By Zachary Margulis-Ohnuma
One month after Albany County passed its anti-cyberbullying law, an anonymous teenager obligingly posted “Cohoes Flame” — a Facebook page of photos of his classmates along with crude “descriptions of their alleged sexual practices and predilections, sexual partners and other types of personal information.” An investigation revealed the teen’s identity; he was arrested and charged with a misdemeanor under the new law. But — even though the posts were intended to cause emotional harm — the new cyberbullying law was so broad that it was held unconstitutional in People v. Marquan M., decided Tuesday by the New York Court of Appeals.

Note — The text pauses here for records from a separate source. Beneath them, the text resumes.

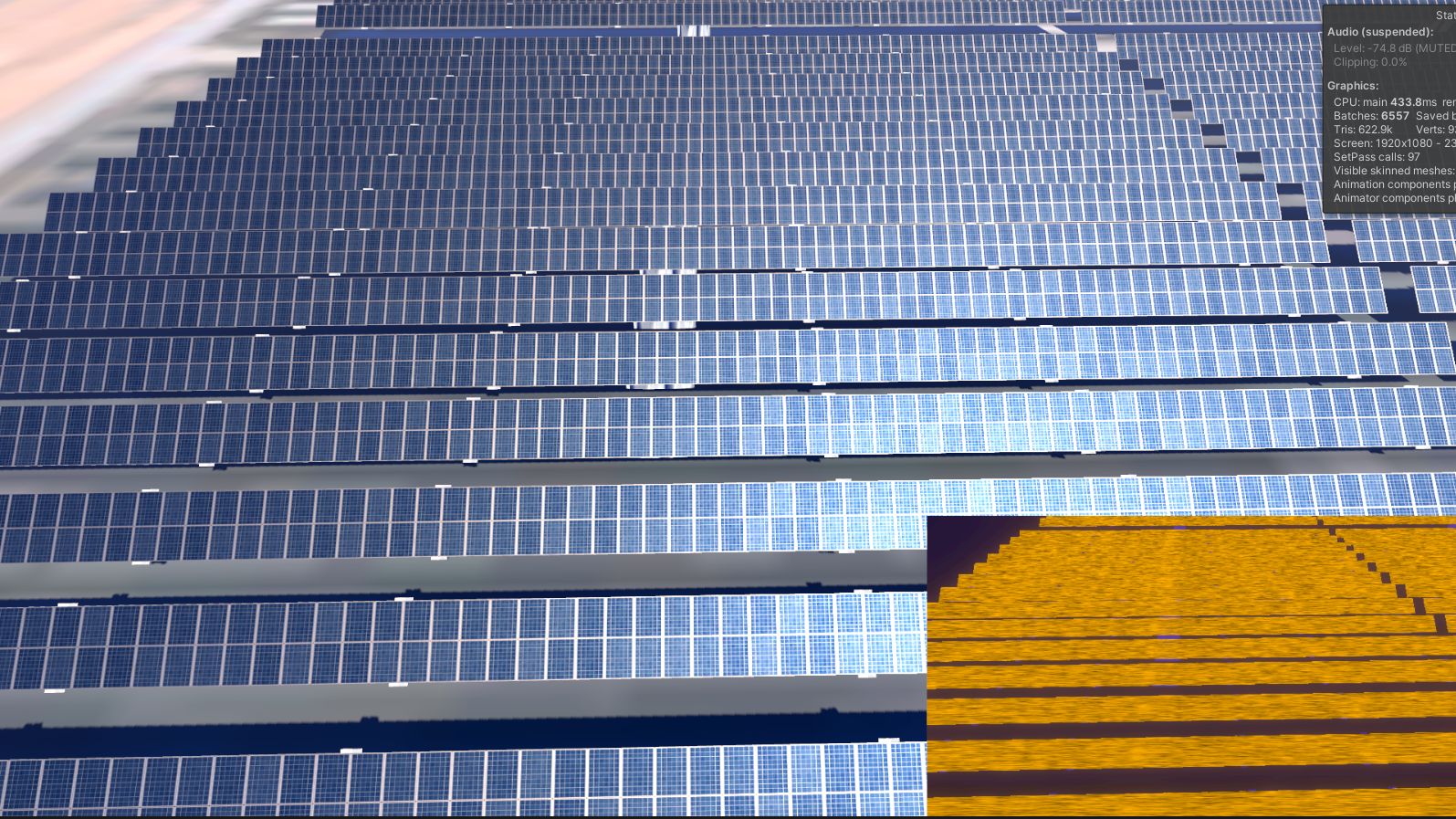 D 구역의 일부만 패널을 깔아본 결과 총 Tris 수는 대략 20만, 한 구역에 네 부분씩 총 열여섯 부분이 있다고 생각하면 320만 Tris 수가 나온다. 320만 폴리면 과거의 프로젝트를 생각했을 때, 그래도 유니티 상에서는 충분히 돌아갈만 하다고 생각한다.(회사에서 프로젝트를 진행할 때는 5000만~8000만일 때 프레임이 정말 안나왔다.)
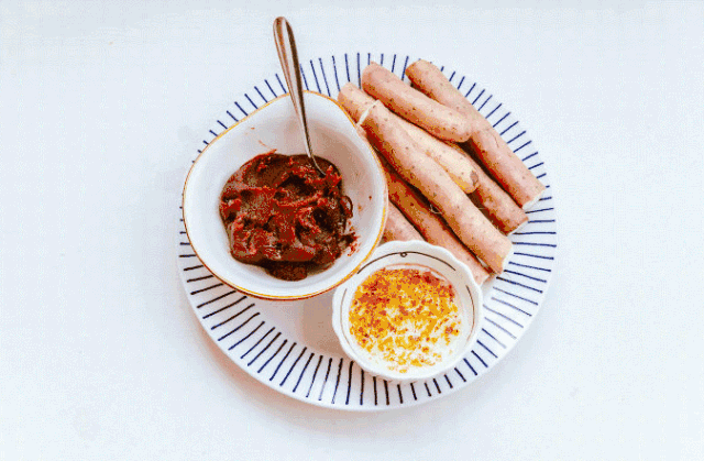 1、將山藥去皮後切段,蒸至熟透軟爛
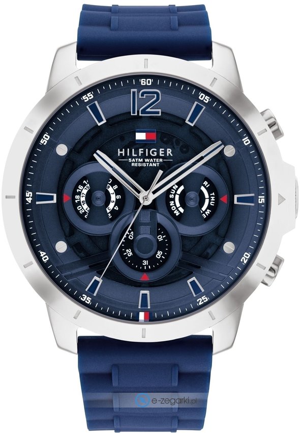 Zegarek męski 1710489 z kolekcji Tommy Hilfiger Luca marki Tommy Hilfiger. Wysokiej jakości tarczę zegarka pokryto granatowym kolorem. Aktualna godzina pokazywana jest w sposób analogowy co niezmiernie łatwo pozwala ją odczytać. Koperta jest w kolorze stalowym szeroka jest na 50 mm oraz ma grubość 12 mm - posiada okrągły kształt.

The People tried to rescue the law by claiming, despite its broad language, that it could be severed to apply only to “(1) sexually explicit photographs; (2) private or personal sexual information; and (3) false sexual information with no legitimate public, personal or private purpose.” Apparently, the People believed those categories — unlike, say, depictions of extreme violence or hate speech — could be criminalized. Of course, the first category might constitute child pornography and therefore already be criminal. But revealing private information or even making up false sexual information has rarely been held to be unprotected by the First Amendment. In any case, the court disagreed that the law could be parsed out that way: “Although the First Amendment may not give defendant the right to engage in these activities, the text of Albany County’s law envelops far more than acts of cyberbullying against children by criminalizing a variety of constitutionally-protected modes of expression.” It was therefore overbroad and unconstitutional.